● AVAILABLE DATA
------

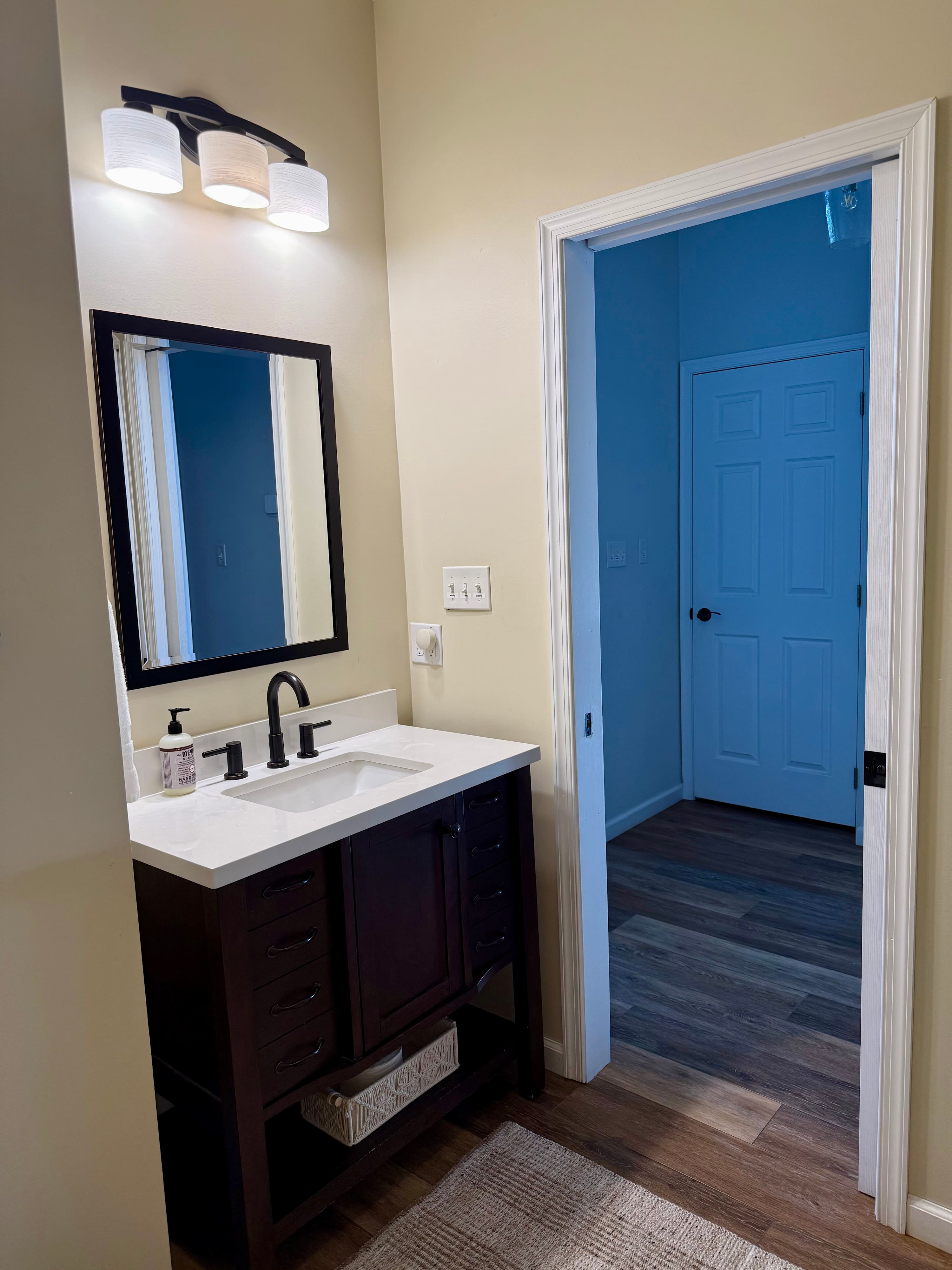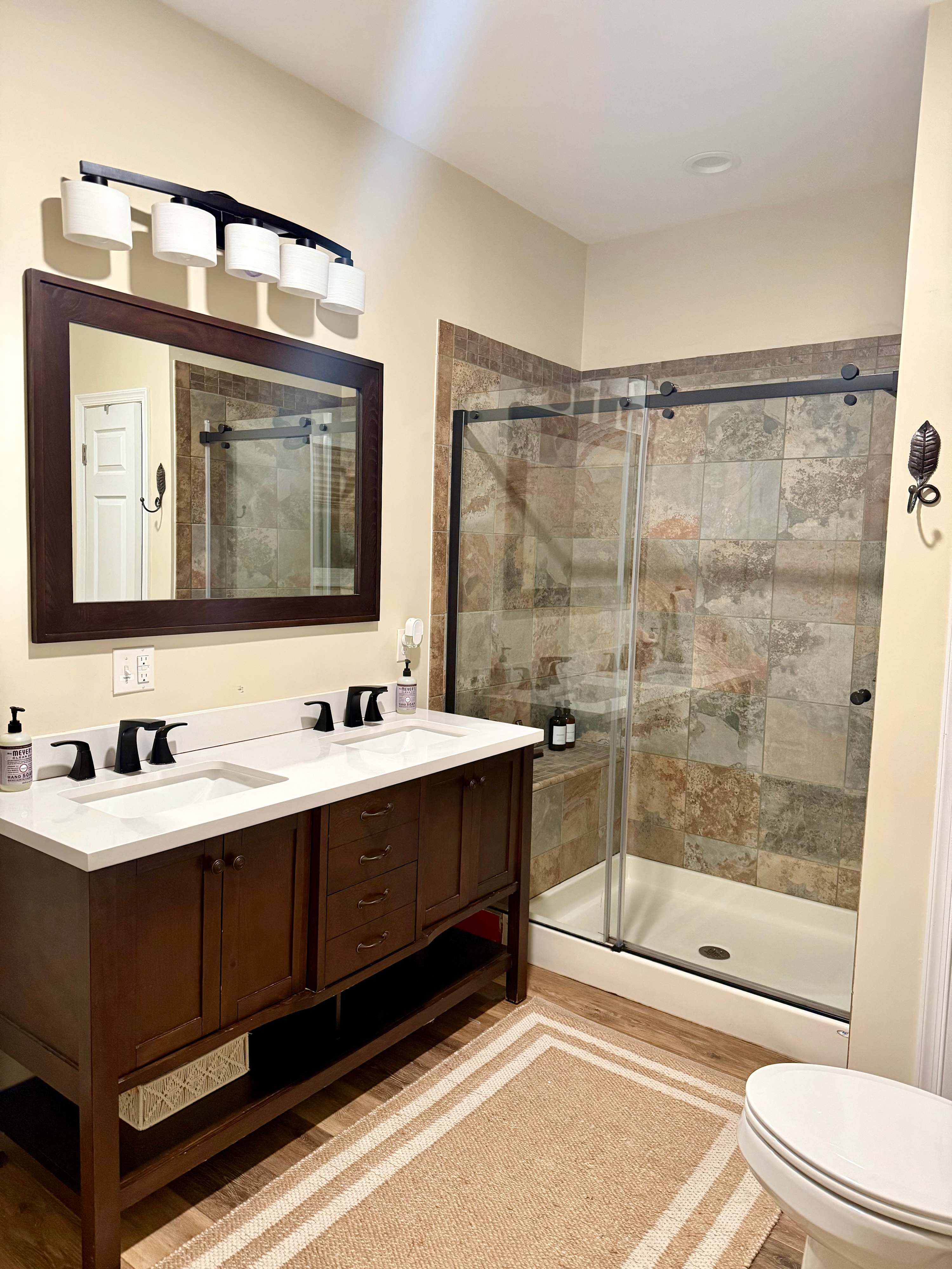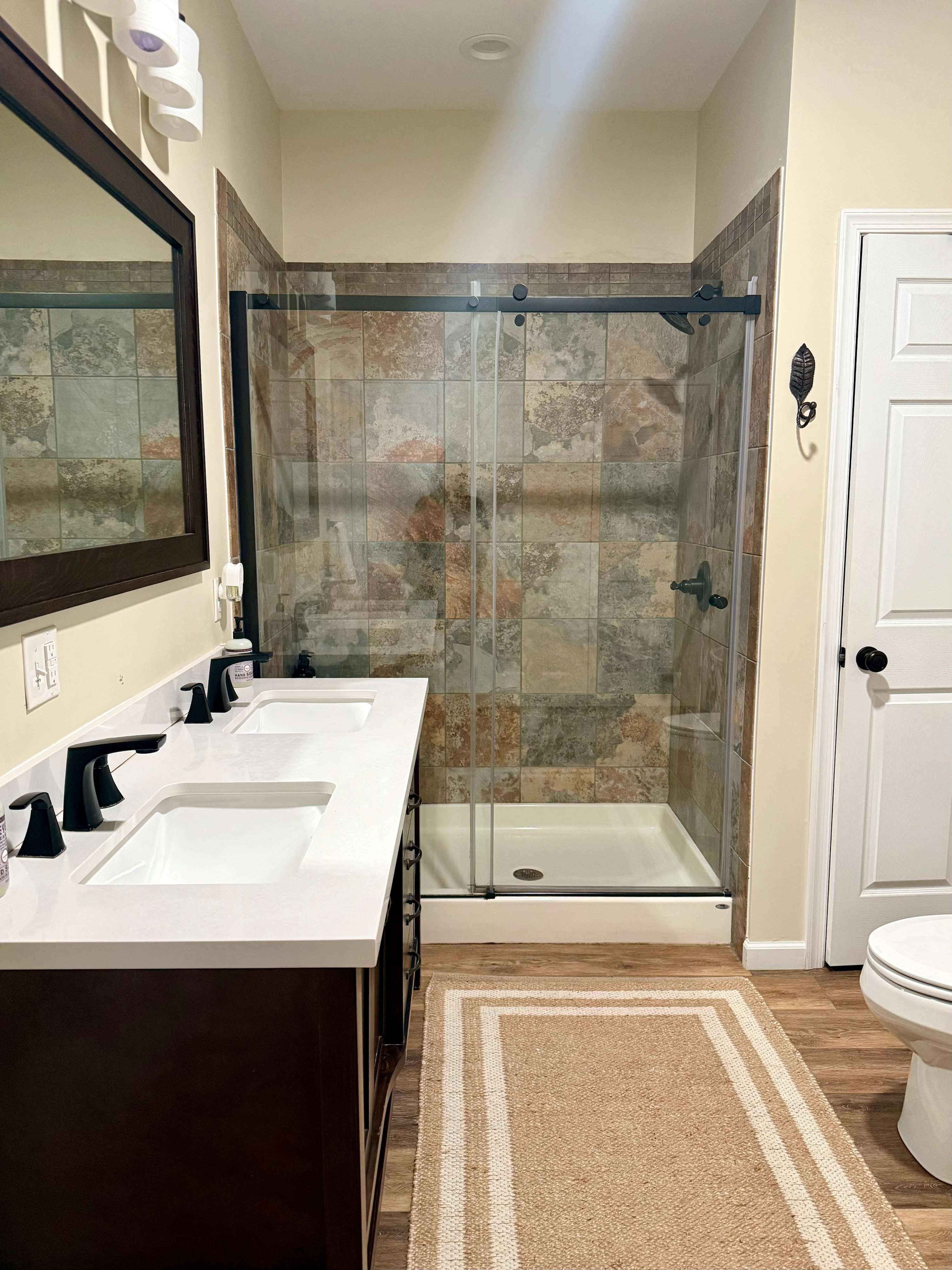 -Ensuite bathroom: his & hers sinks + stone walk-in shower
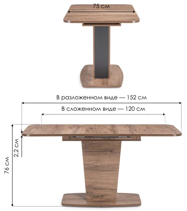 Длина стола в разложенном виде: 152 см.
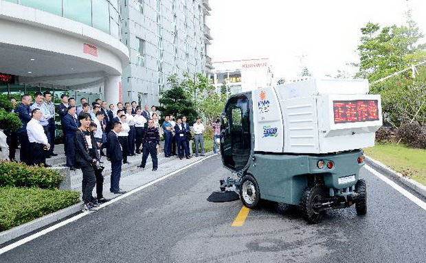 在珠海英搏尔电气股份有限公司,代表团观看新能源纯电动垃圾清扫车作业。
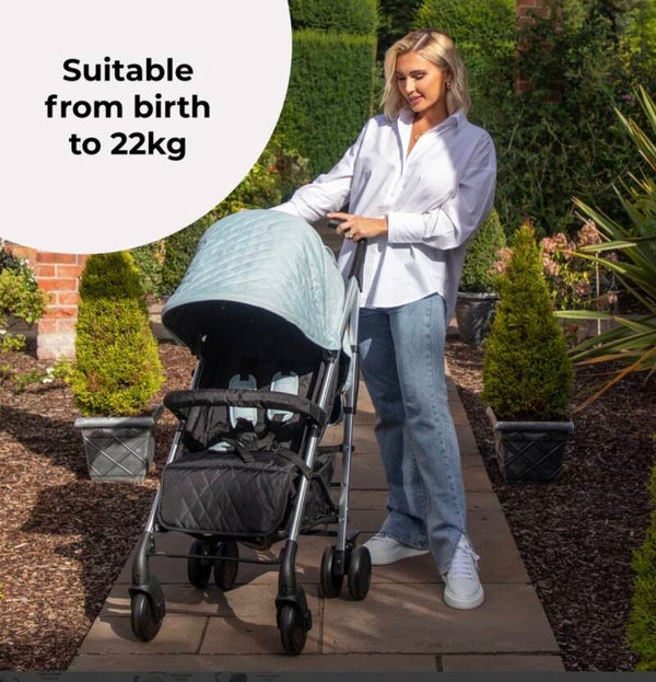 This stylish quilted aqua stroller design from Billie Faiers forms part of her “Signature Range” at My Babiie and combines the style and function you expect from a super talented mum. Tough enough to take everywhere with you and use everyday, the lightweight aluminium umbrella fold stroller is packed with features to make using it as comfortable for you and your little as possible. Suitable from birth, the seat reclines right back and has an adjustable leg support so your little can sit, or lay back in total comfort, shade from the sun and elements by an extendable 3 position UPF canopy. Suspension all round and single front wheels means the ride is super smooth, and adjustable handles mean you can push in comfort too. The basket is large and there is a handy pocket at the back of the hood for your phone (or snacks!), and a viewing window so you can maintain a visual on your precious cargo. This lightweight stroller comes with a free cosy footmuff, cup holder and rain cover so that if you are strolling and it starts to rain, we have you covered!

------

● ASSIGNED TASK
Before copying the data, remove the pictures. Then repeat the rest exactly.

● SOLUTION FOR THIS EXERCISE
 -Ensuite bathroom: his & hers sinks + stone walk-in shower
 Длина стола в разложенном виде: 152 см.
 在珠海英搏尔电气股份有限公司,代表团观看新能源纯电动垃圾清扫车作业。
 This stylish quilted aqua stroller design from Billie Faiers forms part of her “Signature Range” at My Babiie and combines the style and function you expect from a super talented mum. Tough enough to take everywhere with you and use everyday, the lightweight aluminium umbrella fold stroller is packed with features to make using it as comfortable for you and your little as possible. Suitable from birth, the seat reclines right back and has an adjustable leg support so your little can sit, or lay back in total comfort, shade from the sun and elements by an extendable 3 position UPF canopy. Suspension all round and single front wheels means the ride is super smooth, and adjustable handles mean you can push in comfort too. The basket is large and there is a handy pocket at the back of the hood for your phone (or snacks!), and a viewing window so you can maintain a visual on your precious cargo. This lightweight stroller comes with a free cosy footmuff, cup holder and rain cover so that if you are strolling and it starts to rain, we have you covered!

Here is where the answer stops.